By Fania Davis & Sarah van Gelder
Can we recover from the legacy of slavery, lynching, land theft, disenfranchisement, redlining, job discrimination, and mass imprisonment? We turned to Archbishop Desmond Tutu and his daughter the Rev. Mpho Tutu for wisdom on this question. Desmond Tutu led the South African Truth and Reconciliation Commission, formed in 1995. Many people anticipated violence and a breakdown of society as decades of apartheid ended. Instead, the country transitioned relatively peacefully to a multiracial democracy, in part because of the truth and reconciliation process.
Enabling the spirit of forgiveness was Ubuntu, an ancient southern African belief. Ubuntu holds that individuals exist only in relationship with other living beings: I am because we are. It is our responsibility as relatives to take care of one another.

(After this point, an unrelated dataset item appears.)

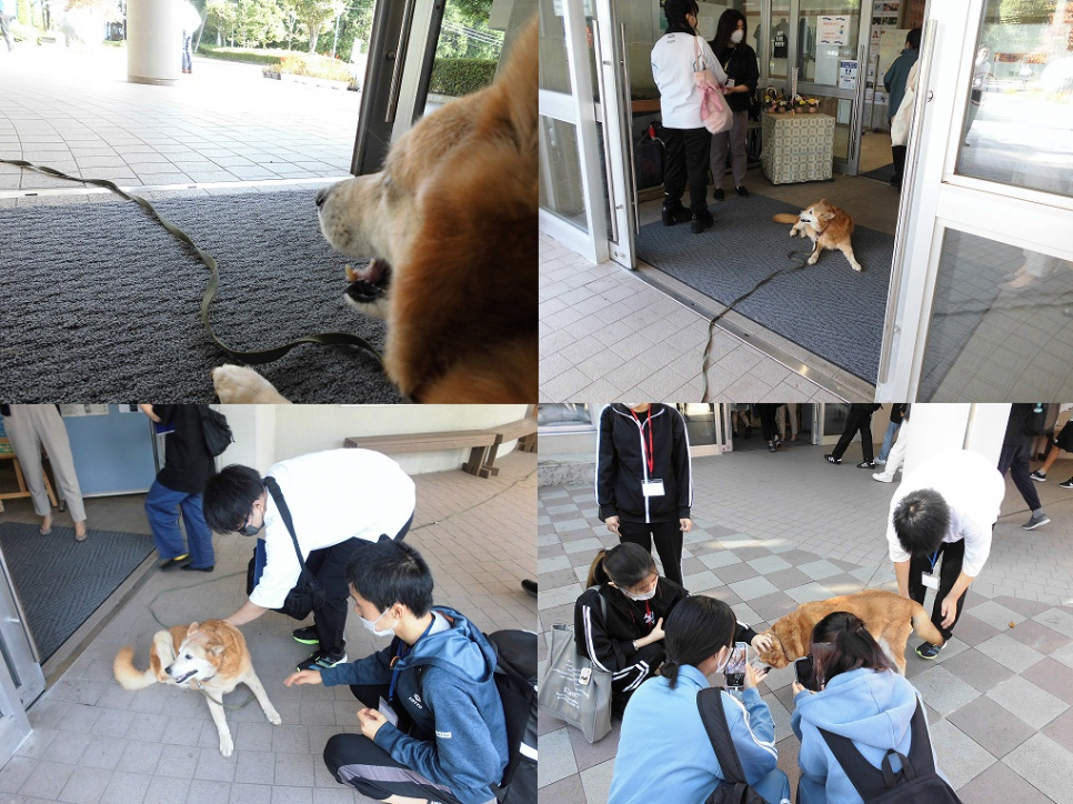 今日は学校飼育犬のさくらが朝から学校の玄関口で生徒たちを出迎えました。

Might truth and reconciliation, informed by the ideals of Ubuntu, play a role in the United States? Is it time—as Fania Davis proposed in an article for yesmagazine.org—for truth and reconciliation processes to examine and attempt to heal the police violence aimed at black people?
Archbishop Tutu, a Nobel Peace Prize laureate, claims to be retired at age 83, although he continues to be sought out for his wisdom and counsel. The Rev. Tutu, is an Episcopal priest, the executive director of the Desmond and Leah Tutu Legacy Foundation, and coauthor with her father of The Book of Forgiveness.